━━━ Working data ━━━

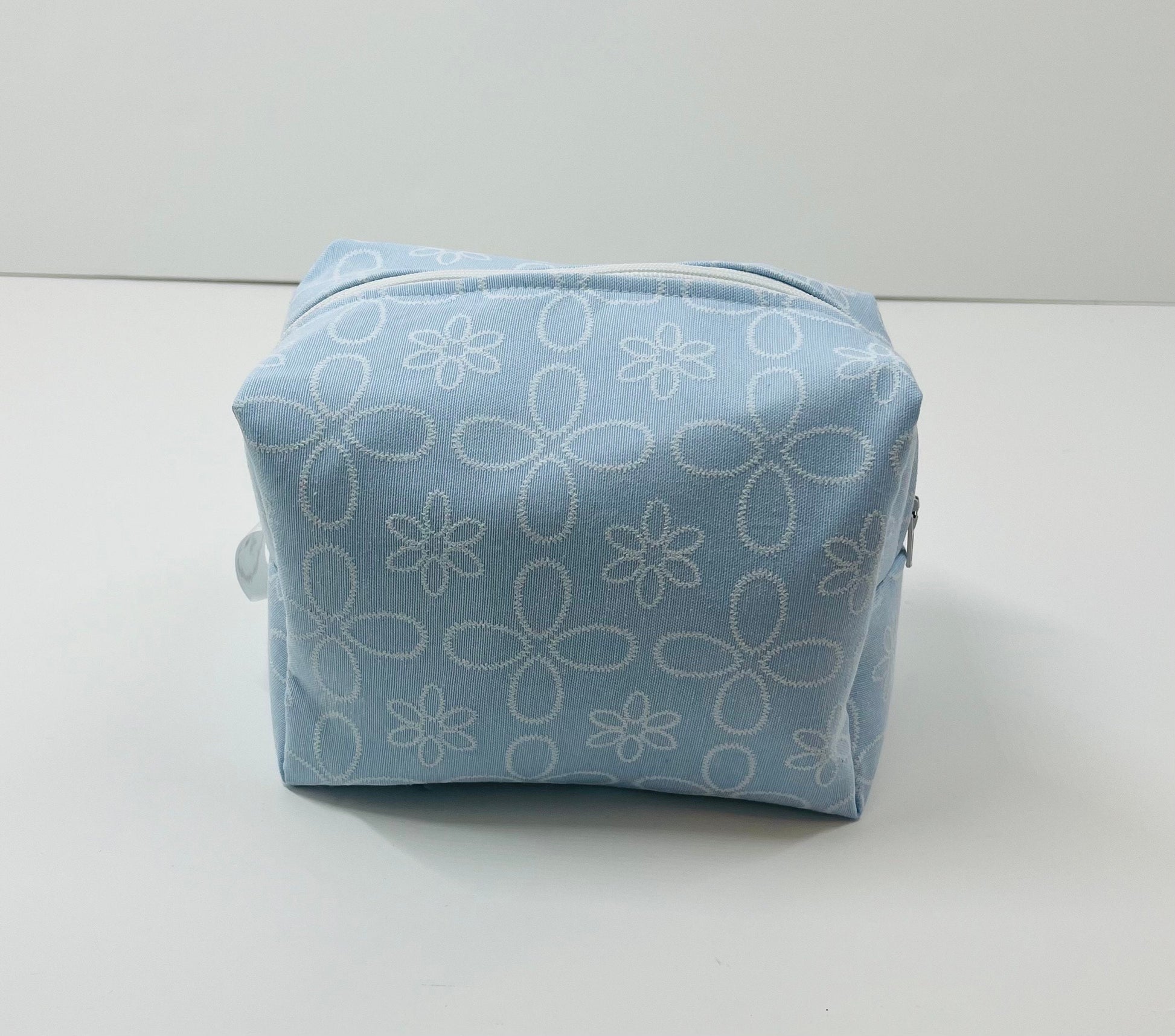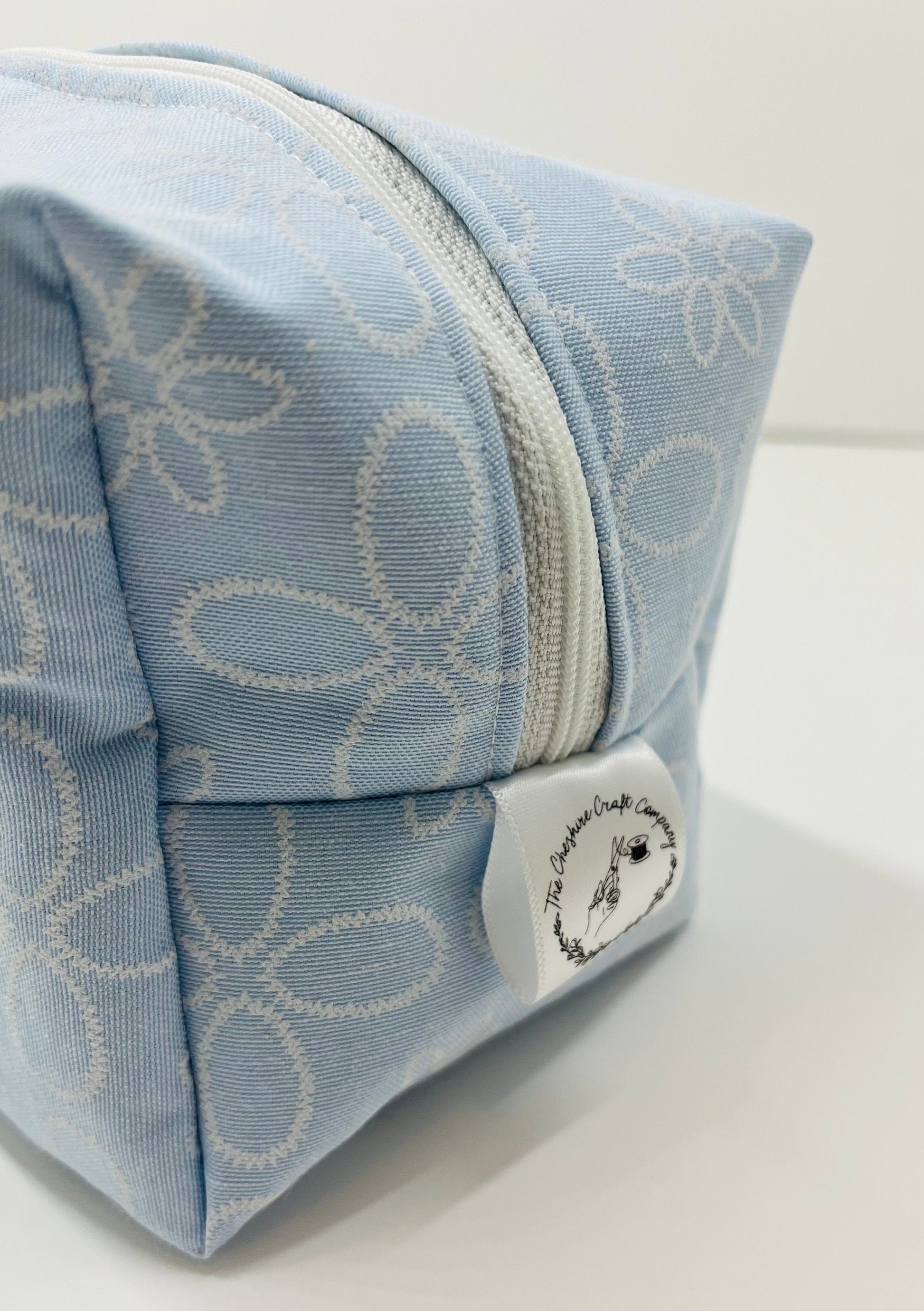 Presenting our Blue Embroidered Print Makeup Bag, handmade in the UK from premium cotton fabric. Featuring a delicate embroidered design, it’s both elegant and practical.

━━━
━━━ Working data ━━━

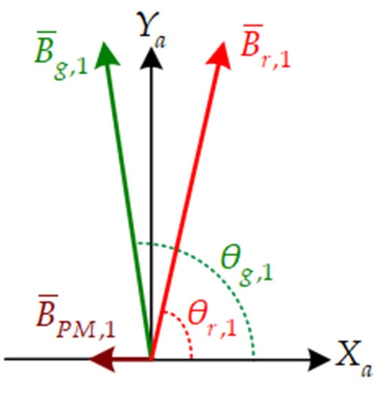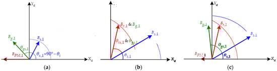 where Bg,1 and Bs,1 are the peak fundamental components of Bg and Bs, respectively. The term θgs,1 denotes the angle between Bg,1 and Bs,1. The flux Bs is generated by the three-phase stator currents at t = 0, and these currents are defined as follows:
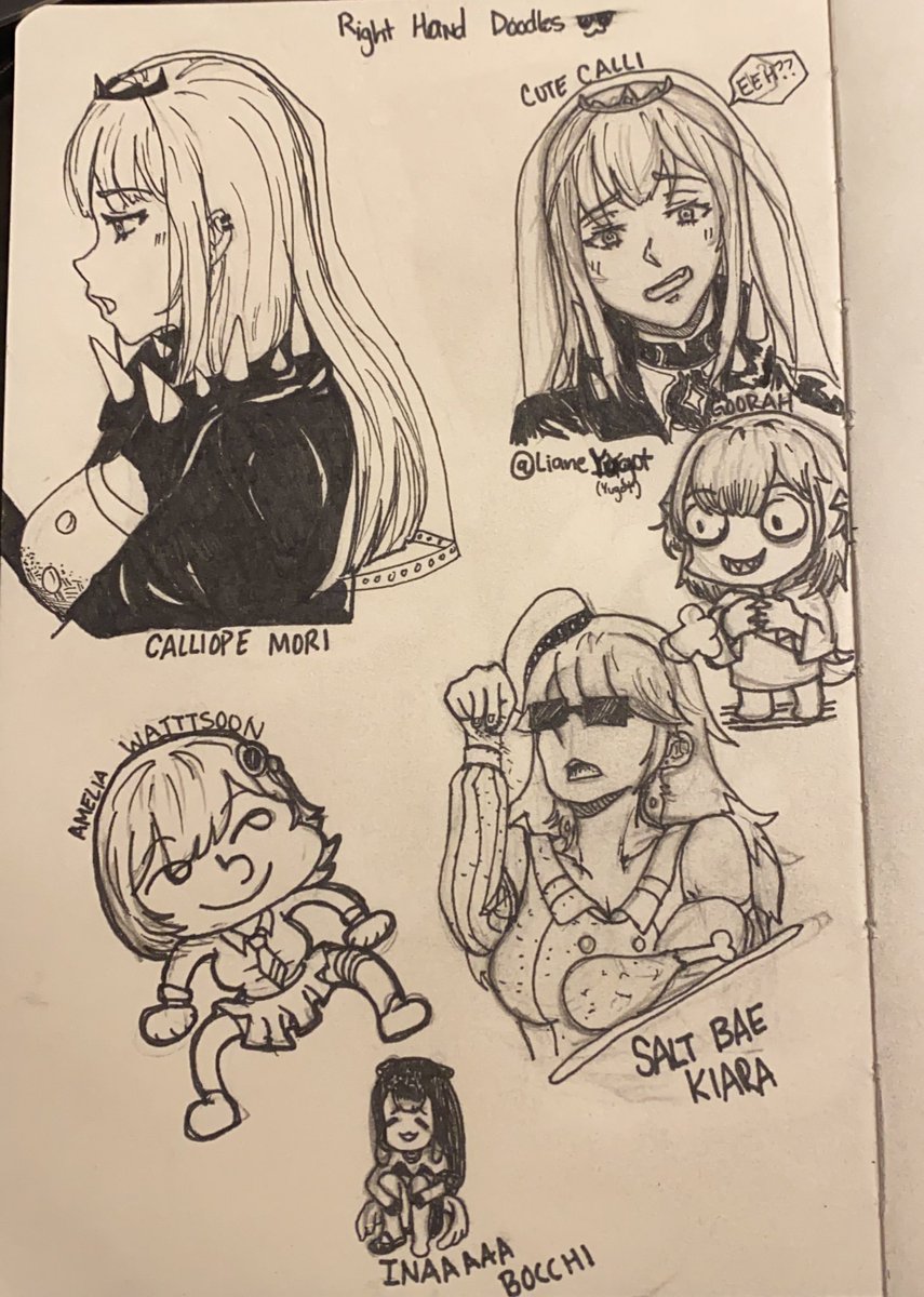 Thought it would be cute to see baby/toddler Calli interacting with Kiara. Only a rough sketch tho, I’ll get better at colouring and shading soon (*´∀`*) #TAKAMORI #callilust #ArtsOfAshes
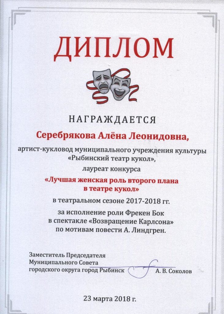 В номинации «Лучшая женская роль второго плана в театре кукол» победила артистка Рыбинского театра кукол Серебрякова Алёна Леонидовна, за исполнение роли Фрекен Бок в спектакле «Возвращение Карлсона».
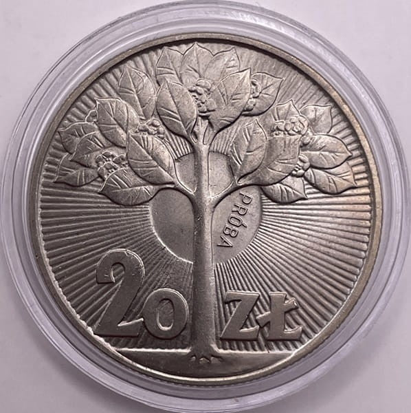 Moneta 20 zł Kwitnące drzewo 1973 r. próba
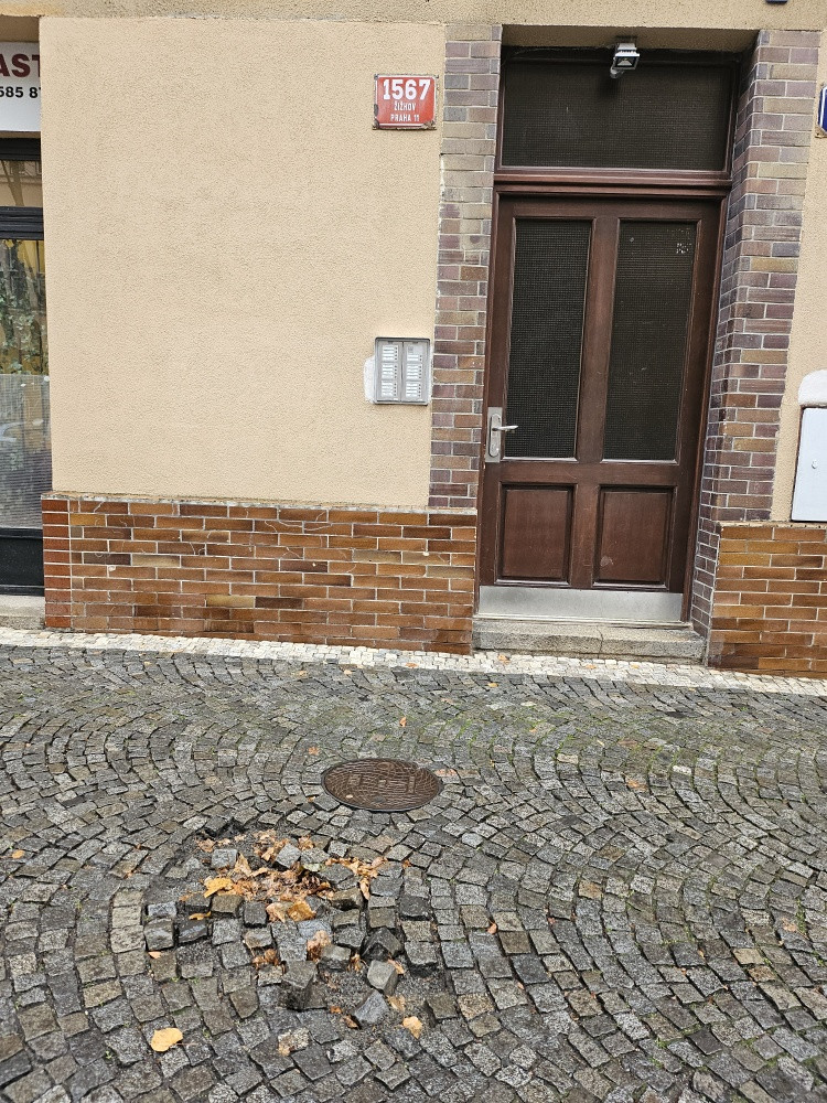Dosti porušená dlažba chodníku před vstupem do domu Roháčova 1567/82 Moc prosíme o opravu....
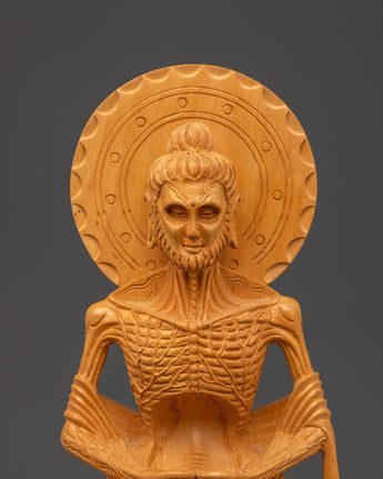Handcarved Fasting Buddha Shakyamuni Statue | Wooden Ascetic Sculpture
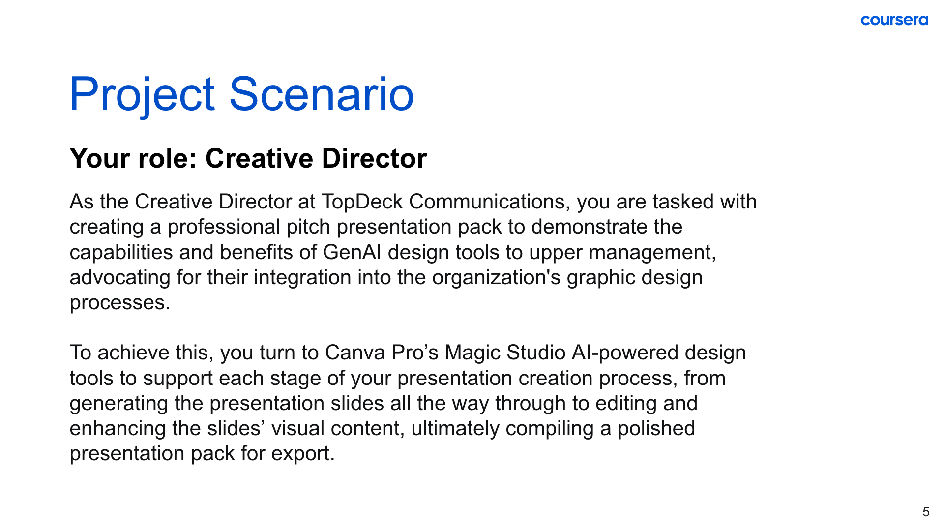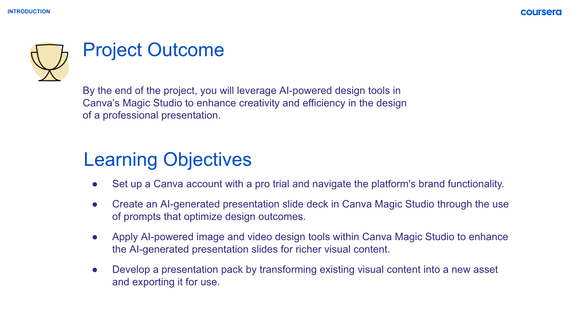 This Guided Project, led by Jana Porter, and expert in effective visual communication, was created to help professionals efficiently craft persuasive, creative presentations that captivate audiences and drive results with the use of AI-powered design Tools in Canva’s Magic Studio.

━━━

Task to complete: A word-for-word reproduction is needed of the lines above from the line containing "where Bg,1 and" through the line containing "женская роль второго", with both ends kept and no pictures.

Finished task:
 where Bg,1 and Bs,1 are the peak fundamental components of Bg and Bs, respectively. The term θgs,1 denotes the angle between Bg,1 and Bs,1. The flux Bs is generated by the three-phase stator currents at t = 0, and these currents are defined as follows:
 Thought it would be cute to see baby/toddler Calli interacting with Kiara. Only a rough sketch tho, I’ll get better at colouring and shading soon (*´∀`*) #TAKAMORI #callilust #ArtsOfAshes
 В номинации «Лучшая женская роль второго плана в театре кукол» победила артистка Рыбинского театра кукол Серебрякова Алёна Леонидовна, за исполнение роли Фрекен Бок в спектакле «Возвращение Карлсона».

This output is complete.